The new Revolution R Enterprise 7 brings the latest performance-enhanced R engine to the largest data and most powerful compute environments. With this release:

  • IT teams can run R analytics inside Hadoop clusters and Teradata databases, slashing model development and deployment cycles;
  • Data Scientists can access a broader range of Big Data advanced analytics techniques, for more powerful predictive models;
  • Business Analysts can use the intuitive drag-and-drop Alteryx interface, accessing the power of R without the need for programming.

Here’s what’s new in Revolution R Enterprise 7:

Upgraded R 3.0.2 Language Engine. The latest release of the open source R language engine brings improved performance and big-vector support to R, and compatibility with more than 6000 community-contributed R packages.

Write Once, Deploy Anywhere. With a single additional line of R code, re-deploy your Revolution R Enterprise ScaleR data analysis from a development server to run on a production grid or cluster, in Hadoop, or in-database. The following compute contexts are now supported:

  • Hadoop: Revolution R Enterprise ScaleR now supports in-Hadoop processing for Cloudera CDH3 / CDH4 and HortonWorks HDP 1.3.   
  • Teradata Database [Available Q1 2014]. Teradata is the first enterprise database appliance to support in-database processing with Revolution R Enterprise ScaleR.

Drag-and-drop data analysis with Alteryx [Available Q1 2014]. Business analysts now have the power to easily build high powered analytics models with Alteryx, a desktop-to-cloud workbench. This integration brings the ability to create Big Data Big Analytics to users who are not R developers, but need access to the analytical capabilities of Revolution R Enterprise.  

New Big Data Big Analytics Techniques. Revolution R Enterprise puts even more powerful Big Data Big Analytics techniques in analysts’ hands to generate and visualize the most impactful predictions and inferences:

  • Ensemble Models for Decision Forests is a powerful tree-based machine learning technique similar to Random Forests®. (Random Forests is a trademark of Salford Systems.)  
  • Interactive Decision Tree Visualization. Decision tree visualization capabilities make it easier for data scientists and analytic consumers to understand relationships and correlations within the data.
  • New Stepwise Regression Techniques. Stepwise Regression is now also available for logistic regression and Generalized Linear Models (GLMs), in addition to the previously-available linear regression. Data scientists now have more variable selection techniques available for a broader range of regression models and data types.

New Accelerators for Enterprise Deployment: Integration “accelerators” — examples built on the Revolution R Enterprise DeployR Web Services framework  — provide a starting point for custom R integrations with Tableau and Excel. (These new accelerators are additions to existing examples for Jaspersoft and QlikView).

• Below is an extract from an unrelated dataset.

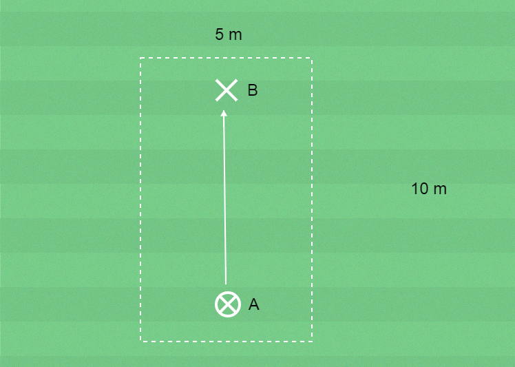 B passar bollen till A som tar emot bollen.
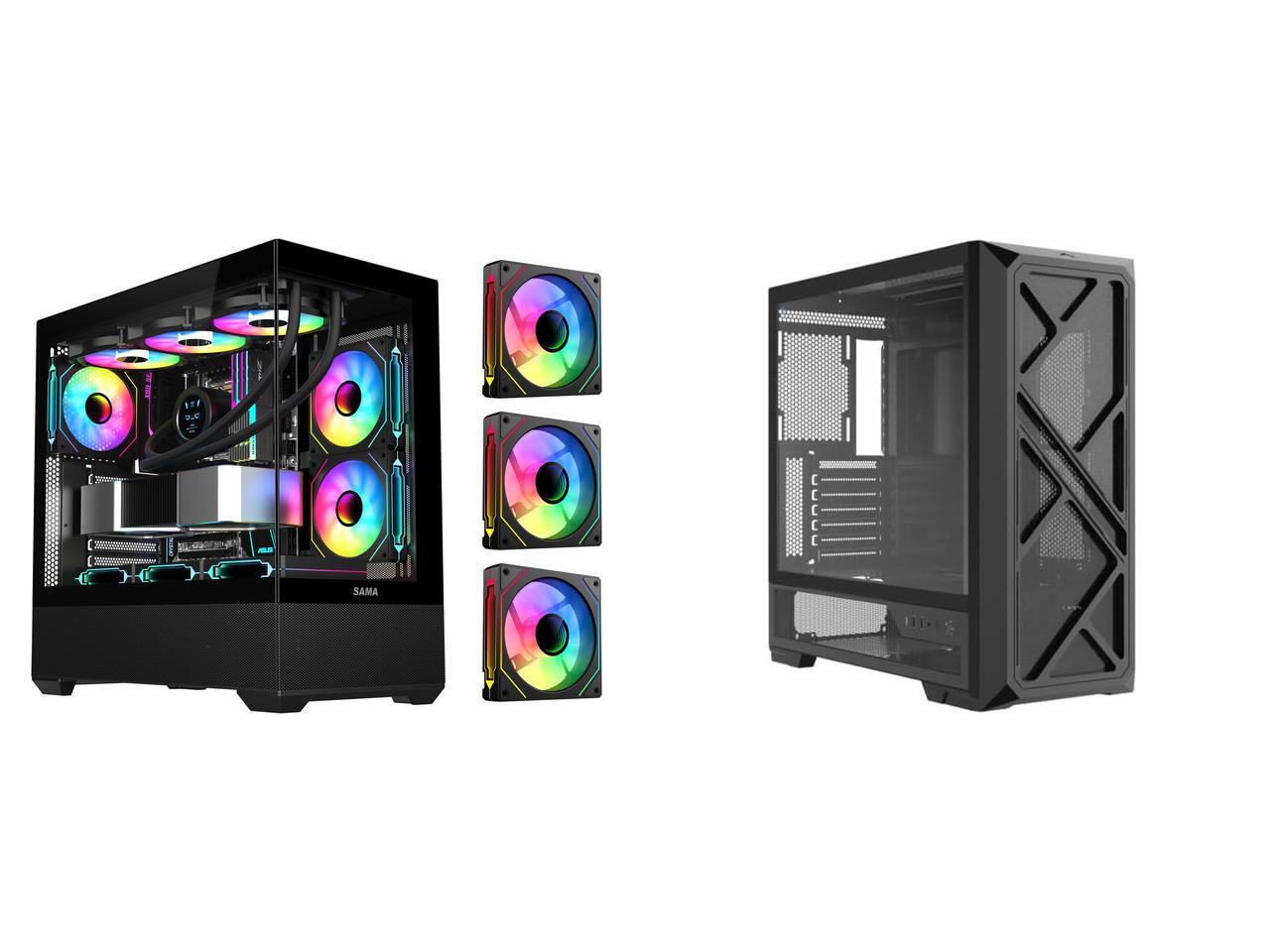 SAMA SV02 ATX Computer Gaming PC Case Mid Tower Black with 3 ARGB Fans Pre-Installed, Tempered Glass Transparent Side Panel,BTF Back Plug Motherboard Design and 1 x SAMA S41 Mid-Tower PC Case, 4 x 120mm ARGB Fans, Pre-Installed ARGB HUB, 4mm Tempered Glass, USB3.1 Type-C & USB 3.0 Ports, 7 Slots, Supports ATX / M-ATX / ITX, 360mm Water Cooling, Black

Improved ODBC Data Connectivity: Revolution R Enterprise ScaleR’s ODBC connection capability has been validated with the following data sources: HP Vertica, IBM DB2, IBM PureData System for Analytics, MySQL 5.1, Oracle Express, Pivotal Greenplum, PostgreSQL, SAP Sybase IQ, SQL Server 2008, SQLite 3 and Teradata Aster.

PMML Model Deployment: Predictive models created with Revolution R Enterprise ScaleR can now be exported to PMML for real-time model scoring.

Multi-Node Package Manager for Hadoop: new installation tools make it easier to deploy R code on Hadoop platforms.

New Server Platforms: Revolution R Enterprise Server is now supported on Windows Server 2012 and SUSE Linux Enterprise Server.